The use of a scanning electron microscope and the determination of particle size distribution, clay content, and general and pitting corrosion rates are other helpful tools for determining the system’s problems and the best method for prevention.
The basic process of developing root cause solutions begins by mapping the process flow and measuring temperatures and pressures at each stage to create a monitoring and survey plan. Experienced operators should walk the pipe and process flow to compile historical data, such as prior testing, corrosion, and flow assurance failures.
It is important to follow this by methodically collecting a baseline of statistically valid data. After reviewing the survey and lab data, the integrity team should be engaged to help develop root cause solutions for trial. These trials should be implemented, one solution at a time, keeping production and process changes to a minimum during evaluation. The baseline data that were collected should be referenced during solution evaluation for clear comparison and to evaluate if improvements are being made.
Finally, if a trial solution is proven to be more effective, that solution should be implemented permanently, optimized with continued data collection, and key performance indicators should be set.
Using this integrated approach, alternative root cause solutions can be applied upstream to prevent scale and corrosion. For example, if there is carbon dioxide present in a system, high pitting corrosion rates and a deposit analysis would show iron carbonate solids. Applying a nonemulsifying corrosion or iron inhibitor upstream of the reaction or precipitation could be a more cost-effective solution.

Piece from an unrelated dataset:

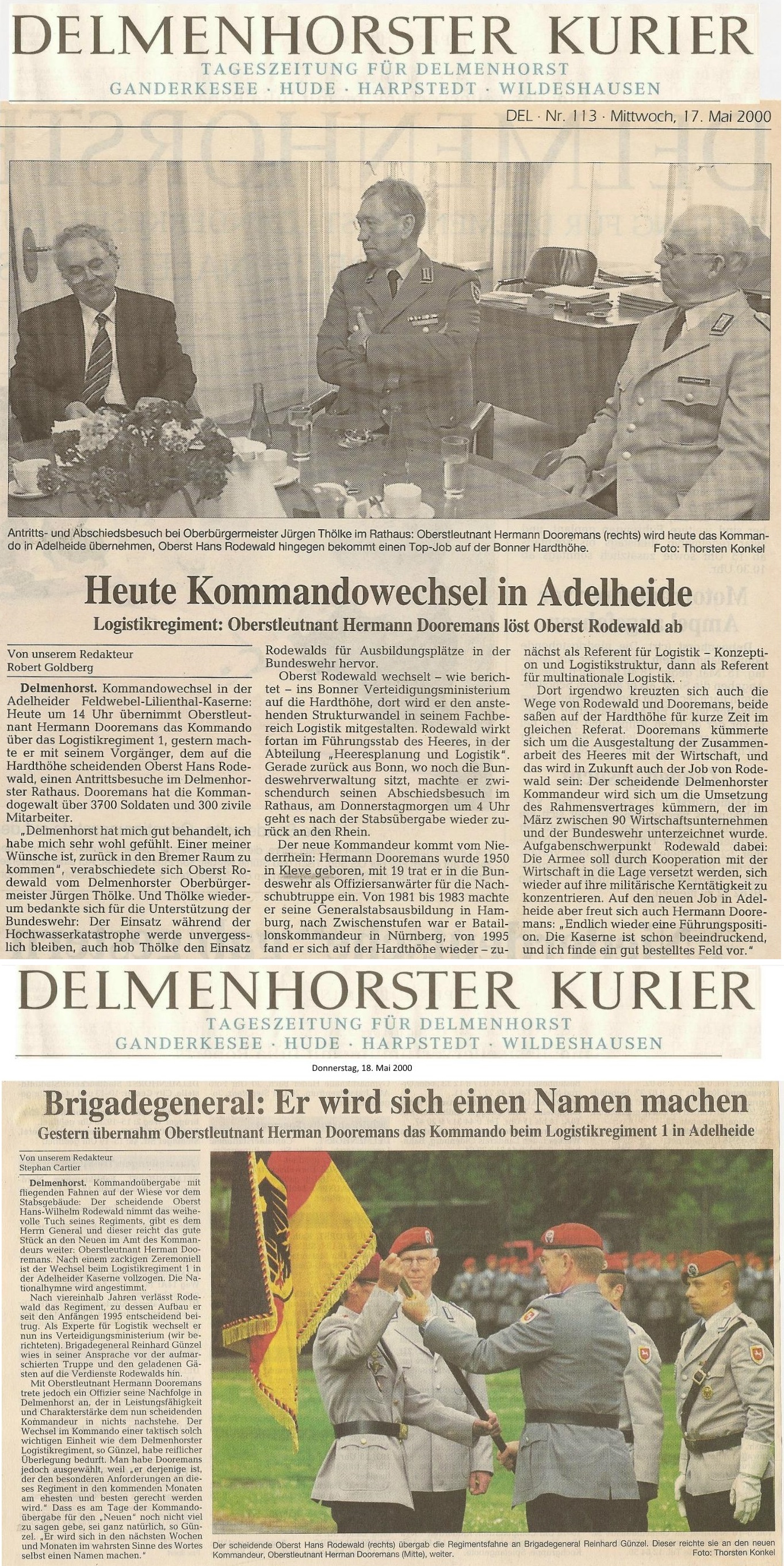 Kommandeurwechsel beim Logistikregiment 1: Oberstleutnant Hermann Dooremans folgt Oberst Hans Wilm Rodewald. (Weser Kurier, Delmenh. Kreisblatt, A-Eins). |

In 2013, an offshore field operator used this integrated approach. The operator was experiencing scale buildup in flowlines and separators, which resulted in corrosion issues on a handful of wells. The issues were compounded by an ineffective biocide program applied at the water plant, and dissolved oxygen intrusion that further precipitated iron oxides, which were oil coated and plugged the disposal wells. No corrosion program was in place, and scale inhibitors were applied downstream of precipitation.
A multifunctional product containing inhibitors for iron, scale, and corrosion was developed for this field and was applied upstream of separation. The operator was able to discontinue a surfactant program on the injection wells, the summer emulsion-breaker program, and winter emulsion-breaker injection into some producing wells. This resulted in the oil meeting pipeline specifications for sales, and an average 400 ppm oil reduction in the disposal water (Fig. 1).
Ongoing monitoring in 2015 showed very low corrosion rates and a more than 90% reduction in TSS from 2013 (Fig. 2). The return on investment included cost savings from fewer coiled tubing cleanouts, reduced injection well pump maintenance, and a USD‑100,000 reduction in chemical expenses, compared with the bandage-type programs used previously. The measures taken also resulted in additional revenue from 2,920 bbl of oil that were previously held in a reverse emulsion.
While traditional solids mitigation methods may provide immediate benefits, they typically result in additional expenditures and treatment measures further down the line. Using investigative testing enables operators to determine the root cause of their issues and develop customized, proactive solutions.
Once implemented, these solutions can prevent emulsion stabilization and result in more efficient operations and long-term asset integrity. Although individual systems suffer from particular issues, entire fields can be optimized through the use of a holistic, integrated approach.